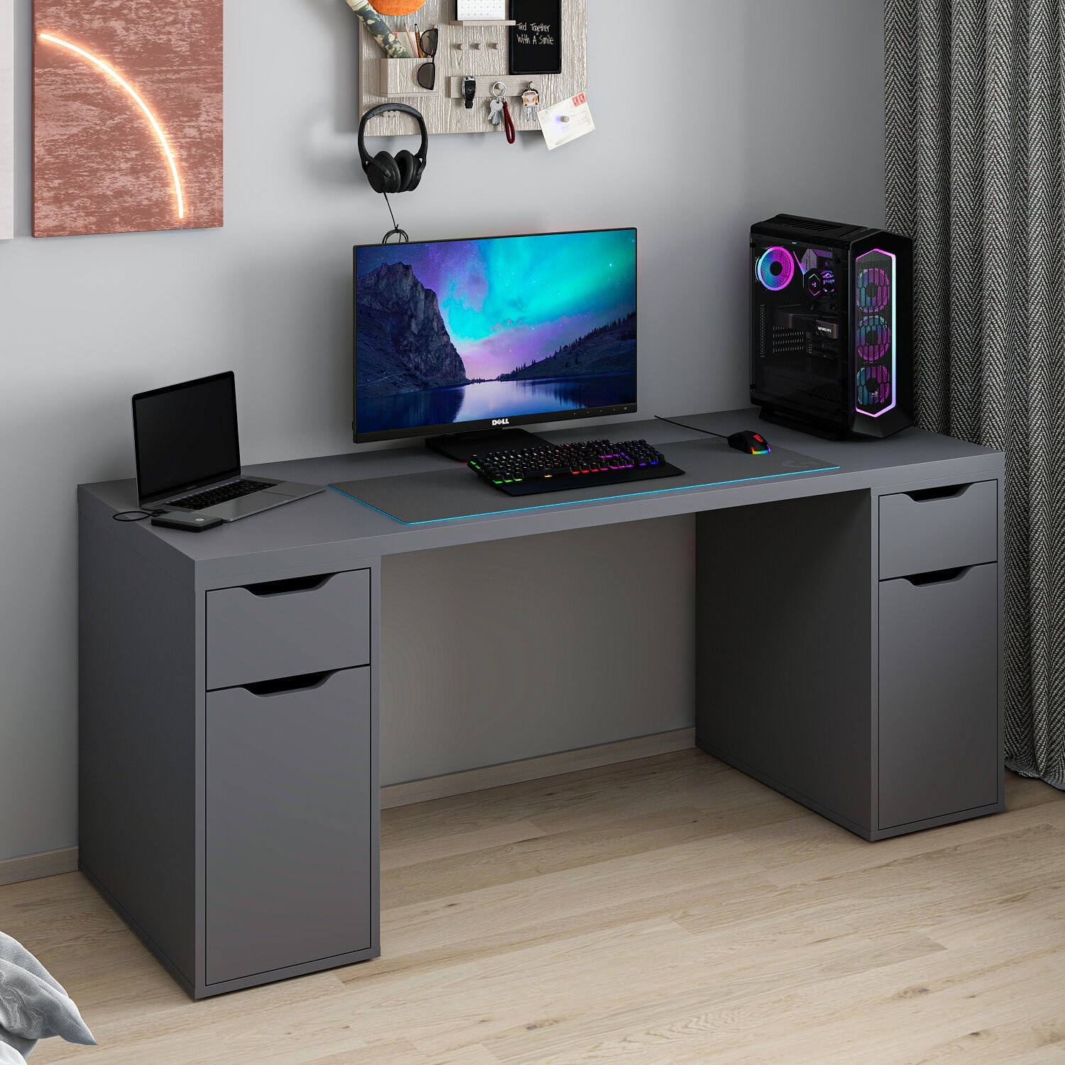 Alen 180 Cm 2 Çekmeceli 2 Dolaplı Çalışma & Oyuncu Masası - Antrasit
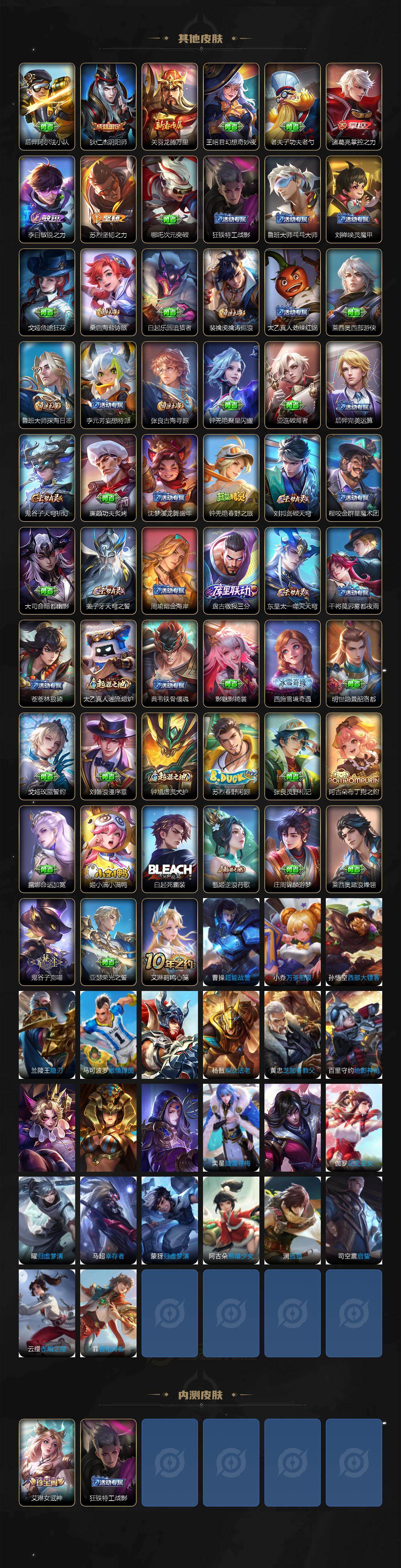 【其他皮肤】:项羽海滩派对,韩信教廷特使,韩信街头霸王,赵云忍炎影,芈月红桃皇后,艾琳女武神,白起白色死神,扁鹊化身博士,安琪拉玩偶对对碰,孙膑天使之翼,妲己少女阿狸,典韦黄金武士,亚瑟死亡骑士,花木兰兔女郎,张飞五福同心,甄姬花好人间,刘备万事如意,宫本武藏万象初新,后羿阿尔法小队,狄仁杰阴阳师,关羽龙腾万里,王昭君幻想奇妙夜,老夫子功夫老勺,诸葛亮掌控之力,李白敏锐之力,苏烈坚韧之力,哪吒次元突破,狂铁特工战影,鲁班大师乓乓大师,刘禅唤灵魔甲,戈娅危途狂花,桑启海盐诗旅,白起乐园追猎者,裴擒虎擒涛扼浪,太乙真人劲辣红锅,莱西奥西部游侠,鲁班大师探海日志,李元芳妄想特派,张良古海寻踪,钟无艳聚星闪耀,亚连破局者,后羿完美运算,鬼谷子天穹祈灯,廉颇功夫炙烤,沈梦溪龙舞盛年,钟无艳春野之旅,刘邦剑破天穹,程咬金群星魔术团,大司命暗都幽影,姜子牙天穹之誓,周瑜熔金海岸,盘古敬我三分,东皇太一噬灭天穹,干将莫邪雾都夜雨,苍苍林狼骑,太乙真人谧流熔炉,典韦铁骨偃魂,影魅
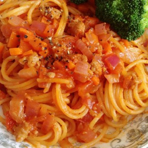 烧开水,把意大利面煮八分钟,然后捞出来,沥干。
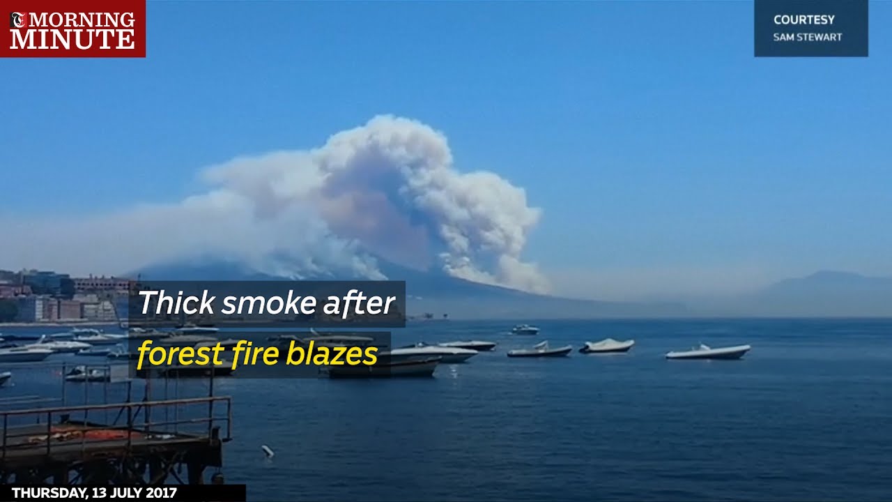 Wednesday 12/July/2017 20:36 PM Thick smoke after forest fire blazes Plumes of smoke was seen rising over Mount Vesuvius as forest fires continued to burn

**Directions for this task**
All text in the material above must be written out exactly; the images are to be skipped.

**Expected answer**
 Alen 180 Cm 2 Çekmeceli 2 Dolaplı Çalışma & Oyuncu Masası - Antrasit
 【其他皮肤】:项羽海滩派对,韩信教廷特使,韩信街头霸王,赵云忍炎影,芈月红桃皇后,艾琳女武神,白起白色死神,扁鹊化身博士,安琪拉玩偶对对碰,孙膑天使之翼,妲己少女阿狸,典韦黄金武士,亚瑟死亡骑士,花木兰兔女郎,张飞五福同心,甄姬花好人间,刘备万事如意,宫本武藏万象初新,后羿阿尔法小队,狄仁杰阴阳师,关羽龙腾万里,王昭君幻想奇妙夜,老夫子功夫老勺,诸葛亮掌控之力,李白敏锐之力,苏烈坚韧之力,哪吒次元突破,狂铁特工战影,鲁班大师乓乓大师,刘禅唤灵魔甲,戈娅危途狂花,桑启海盐诗旅,白起乐园追猎者,裴擒虎擒涛扼浪,太乙真人劲辣红锅,莱西奥西部游侠,鲁班大师探海日志,李元芳妄想特派,张良古海寻踪,钟无艳聚星闪耀,亚连破局者,后羿完美运算,鬼谷子天穹祈灯,廉颇功夫炙烤,沈梦溪龙舞盛年,钟无艳春野之旅,刘邦剑破天穹,程咬金群星魔术团,大司命暗都幽影,姜子牙天穹之誓,周瑜熔金海岸,盘古敬我三分,东皇太一噬灭天穹,干将莫邪雾都夜雨,苍苍林狼骑,太乙真人谧流熔炉,典韦铁骨偃魂,影魅
 烧开水,把意大利面煮八分钟,然后捞出来,沥干。
 Wednesday 12/July/2017 20:36 PM Thick smoke after forest fire blazes Plumes of smoke was seen rising over Mount Vesuvius as forest fires continued to burn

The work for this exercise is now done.